UNITED STATES DISTRICT COURT FOR THE DISTRICT OF KANSAS
Nov 1, 2012
CRIMINAL ACTION No. 12-20006-01-KHV (D. Kan. Nov. 1, 2012)

Opinion

CRIMINAL ACTION No. 12-20006-01-KHV

11-01-2012

UNITED STATES OF AMERICA, Plaintiff, v. OSCAR CALVIN, III, Defendant.


MEMORANDUM AND ORDER

On October 9, 2012, the Court held a hearing on pro se defendant's Motion To Dismiss Indictment (Doc. #59) filed September 11, 2012 and Motion To Suppress (Doc. #67) filed September 19, 2012. The Court took the motions under advisement and granted defendant's request to file additional material in support of his motions. Defendant filed an additional Motion To Suppress (Doc. #77) on October 16, 2012 and a Motion To Dismiss Indictment (Doc. #81) on October 22, 2012. After thoroughly considering the evidence and the parties' arguments, the Court finds that defendant's motions to suppress should be sustained in part and that his motions to dismiss should be overruled.

Defendant has asserted his right to represent himself. Jacquelyn Rokusek served as standby counsel at the hearing on October 9, 2012.

Facts

The Court makes the following factual findings based on the record of hearings on May 18 and May 23, 2012, before Judge John W. Lungstrum and on the hearing before the undersigned judge on October 9, 2012.

On January 10, 2012, Officer Eckel of the Kansas City, Kansas Police Department was patrolling in the area of 12th Street and Quindaro Boulevard. He stopped a 2001 Ford Taurus for violation of the municipal window tint ordinance. Officer Eckel determined that the driver, Oscar Calvin, III, had a suspended driver's license and no insurance, and arrested him.

When Officer Eckel made the traffic stop, defendant illegally parked his vehicle more than 12 inches from the curb. After he arrested defendant, Officer Eckel determined that the vehicle was a traffic hazard and ordered that it be towed. Pursuant to department policy, Officer Eckel then conducted an inventory of the vehicle. When he opened the glove compartment he discovered a .45 caliber EAA pistol, serial number EA117419. The firearm was loaded with one round in the chamber and nine rounds in the magazine. In 2004, defendant was convicted of attempted second degree murder in Wyandotte County, Kansas, Case Number 03CR1647. As a convicted felon, defendant is prohibited from possessing a firearm.

On January 12, 2012, Detective Jason Sutton went to the Wyandotte County jail to speak with defendant. Detective Sutton's testimony regarding that encounter differs sharply from defendant's testimony.

Detective Sutton testified as follows. Detective Sutton read defendant his rights under Miranda v. Arizona, 384 U.S. 436 (1966), and had defendant initial each line as he read them. Detective Sutton asked if defendant wanted to talk about what had happened, and defendant said he wanted to know what the officers had said.
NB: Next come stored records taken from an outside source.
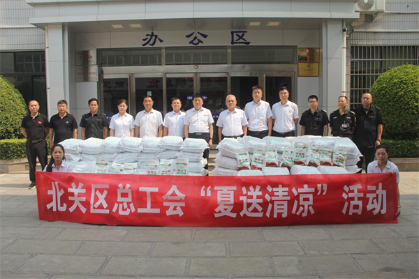夏日炎炎,驕陽似火。隨著夏季高溫天氣的來臨,為切實做好高溫防暑工作,保障一線保安隊員的身體健康,7月1日上午,北關區(qū)總工會將慰問一線職工的綠豆、小米等防暑降溫物資送到公司大院。公司領導張錫軍、魏東、孫國濤、李樞林出席活動。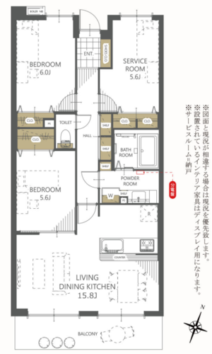 | 位置 | 最上階 | 部屋 | LDK15畳以上 / 全居室フローリング |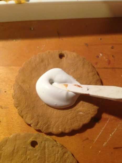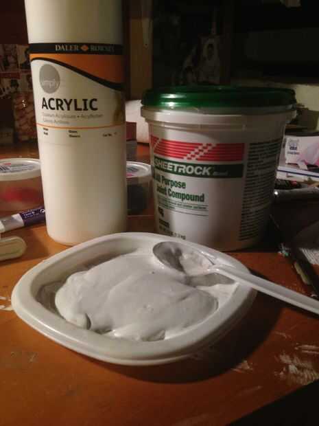 Mientras las galletas se fueron secando decidí hacer un relleno. Quería un relleno que parecía realista pero que iba a durar sin la subdivisión. Es por eso que decidí usar conjunta compuesto. Me encanta conjunto compuesto para tener siempre un recipiente pequeño de compuesto mixto listo. Si no tienes un recipiente de mezclado listo puede siempre a partir de la mezcla seca y agregar agua pero trata de no hacerlo demasiado fino. Añadí pintura blanca para el compund conjunta para hacerlo parecen relleno. Demasiada pintura resultará demasiado fino en una mezcla... así que usa sabiamente!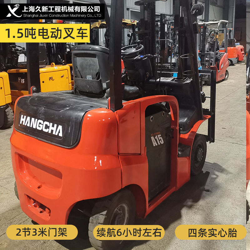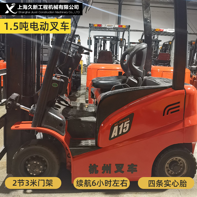 Hangcha A series 1.5-ton full AC electric forklift, 2-section 3-meter mast with four solid tires, 1800 hours, battery life of about 6 hours.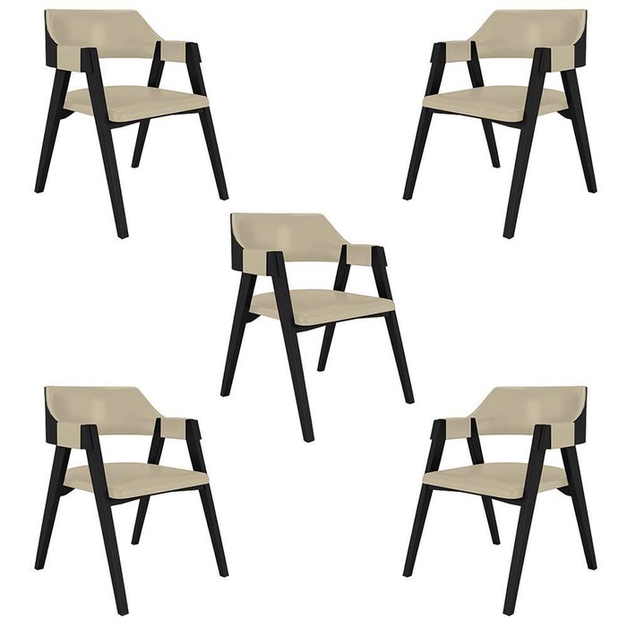 Kit 5 Cadeiras Sala De Jantar E Jogos Carteados Madeira Maciça Poker Pu Bege/preto G42 - Gran Belo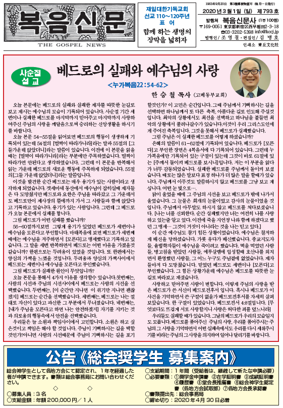제793호 복음신문 2020년 03월호 입니다. 하기의 첨부파일을 클릭하시기 바랍니다.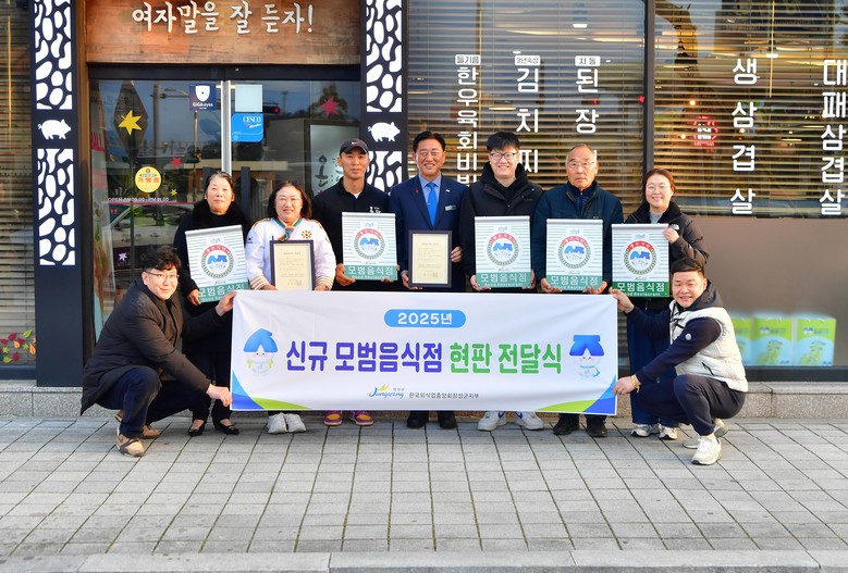 군은 올해 △남해회센터(장성읍) △소소한집밥(장성읍) △온다(장성읍) △엘로우한우식육식당(진원면) △친구야(장성읍) △탐앤틈(삼계면) 6곳을 신규 ‘모범음식점’으로 지정했다. 기존 ‘모범음식점’ 27곳도 재심사를 통과해, 장성지역에는 총 33개 업소가 등록됐다.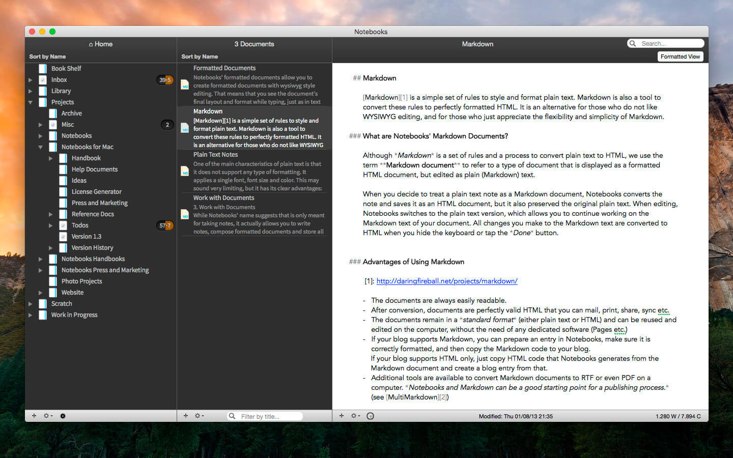 Notebooks stores all your documents as regular files on your computer’s hard drive, so you can always access them through Finder to open and edit with other applications, too.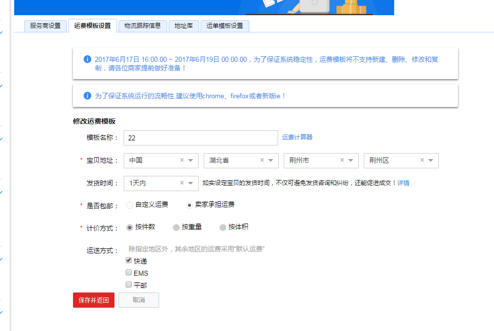 我们可使用我们的物流模板,或者自己设置是否包邮,包邮哪些省份,几件包邮,按件还是按斤包邮,等等

Detective Sutton told defendant that Officer Eckel had recovered a gun from defendant's car. Detective Sutton suggested that defendant carried the gun for protection, and defendant responded, "You're already right, I had it for protection." Defendant then said that he did not want to make a taped statement, "which is telling me that he wants to remain silent this is per Miranda rights a right of his and so we conclude the interview." Just before leaving the room, however, Detective Sutton asked defendant if he would give a DNA sample to be compared with DNA on the firearm, and defendant responded, "I've handled that gun, my DNA will be on it." At the hearing, the government attorney attempted to clarify Detective Sutton's testimony, asking "And then when you asked him if he was going - if he would give you a DNA sample, that's when he made the voluntary statement that his DNA would be on the gun?" Detective Sutton replied,"Correct."

Detective Sutton testified that defendant never asked for a lawyer.

In contrast, defendant testified as follows. Detective Sutton asked if he knew his Miranda rights. Defendant started to state his Miranda rights, but Detective Sutton stopped him, gave him a piece of paper and said "initial." Detective Sutton did not read the Miranda rights set out on the document which he told defendant to initial. Detective Sutton asked defendant why he had a gun and defendant responded that he never had a gun. Detective Sutton then asked defendant if he wanted to make a taped statement, and defendant responded "not without a lawyer present." On cross-examination, defendant acknowledged that he had initialed each line of the Miranda warning, but said that he did not read the document. The Court then said to defendant "I guess what you're saying is, you knew your rights but you're complaining because he didn't read them to you." Defendant responded that he knew some of his rights but stated that "I never read all the way through my rights and [Detective Sutton] never read me my rights except for I had a right to remain silent, anything I say can and will be used against me in a court of law. That's as far as I got. After that, the rest I don't know." The Court asked defendant if there were other Miranda rights that have any bearing on this, and defendant read the entire list of rights from the document.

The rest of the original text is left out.